/逆襲のシャアのこと

先日のコメントで「ひと言だって触れたくもないCCA(機動戦士ガンダム 逆襲のシャア)」と書いてしまったが、ひとつ見方を変えればそれなりに面白いことを思い出した。

シャア総帥=富野監督だと捉えてみるのだ。

俺は神輿と担がれてるが、担いでいる奴らは本心から俺に敬服してるわけじゃない。
あの若手演出家(=ギュネイ)は実力も無いくせに俺の地位を狙ってる、若手同士で俺の陰口を叩いてる。舐めやがって。ガキども(=ハサウェイ)もピーチクパーチクうるさいだけで何の役にも立ちゃしねえ。お前らがどんだけ『ガンダム』(=クェス)好き好きといったって、『ガンダム』は俺のもんなんだよ。そうさ、生かすも殺すも俺次第さ。
スポンサー(=連邦政府)とか古参のファン(=アムロ)も勝手なことをいいやがる。『ガンダム』を好きにしていいのは俺だけなんだよ。見ろ、新しい『ガンダム』(=νガンダム)を作れるのは俺だけだ。
でも俺はもう『ガンダム』(=地球)なんてうんざりだ。隕石でも落としてぶっ壊してやるぜ。みんな、付いてこい! え、何? お前らは俺の言うことより『ガンダム』が大事なの? あー、今すぐ愚民どもすべてに叡智を授けてみせてぇ。
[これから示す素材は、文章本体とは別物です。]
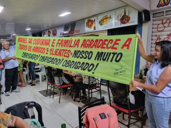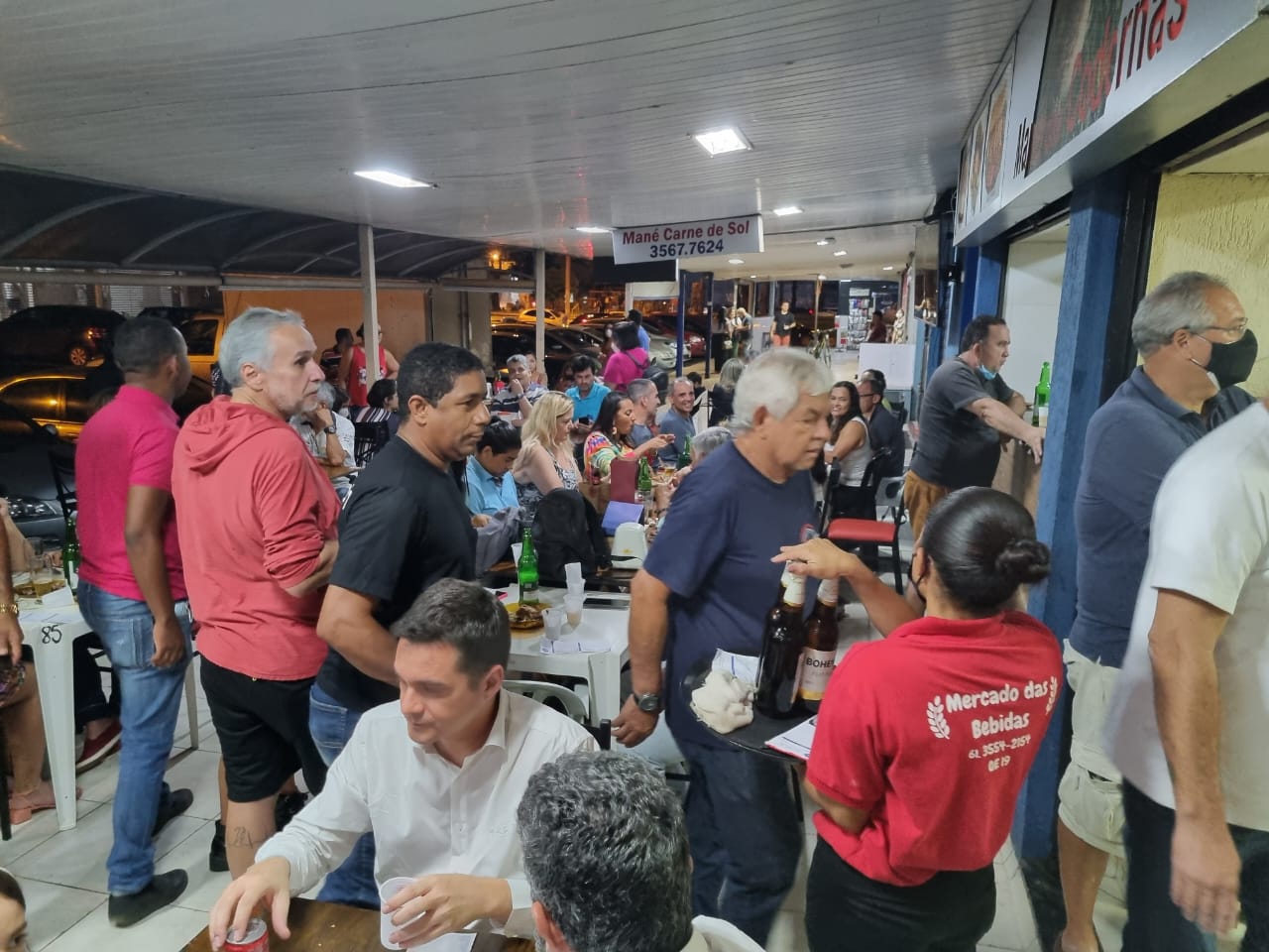 Com todos os lugares ocupados, muitos ficaram em pé ou passaram por lá para dar seu abraço ao Manoel dos Santos Freire, o Mané, que resolveu aposentar-se depois de 31 anos do Bar do Mané e 51 anos de atividades em bar e restaurante.

「シャア総帥=富野監督」という解釈はベタでありふれたものではある。
しかし上記のように、この解釈によって「CCA」の山ほどある難点に別の意味が見えてくるのである。

下士官パイロットに過ぎないのに誇大妄想に等しい大口を叩いて、しかも何の見せ場もないまま退場するギュネイ
・乱心して味方殺しまでやってのけるが、それは本筋とは全く無関係な出来事として扱われるハサウェイ
・「それはエゴだよ」くらいしか気の利いた切り返しのできないアムロ
・総帥という立場にありながら、敵にサイコフレームの設計を送るという利敵行為を働くシャア
・直前まで「隕石落とし」のために死力を尽くしていたネオジオン兵が突如心変わりを起こして隕石を支えるという気持ち悪いクライマックス(ネオジオン兵の立場に立てば、隕石落としの成就を見届けて感慨深く「男たちの魂の輝きだ…」というのが真情。「0083」はつまりそういう作品)
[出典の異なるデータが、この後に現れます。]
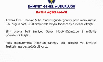 EGMden yapılan yazılı açıklamada, “Ankara Özel Harekat Şube Müdürlüğünde görevli polis memurumuz E.A. bugün saat 15.00 sıralarında beylik tabancasıyla intihar etmiştir. Elim olayla ilgili Emniyet Genel...

エトセトラ、エトセトラ。これらは一本の映画のプロットとして、戦争ものの設定として、戦時下の軍人の心情描写としてみれば、まともに評価できたものではない。しかしその評価をいったん棚上げし、シャア総帥=富野監督の映画として見ることで、あれやこれやがすんなりと理解できるのである。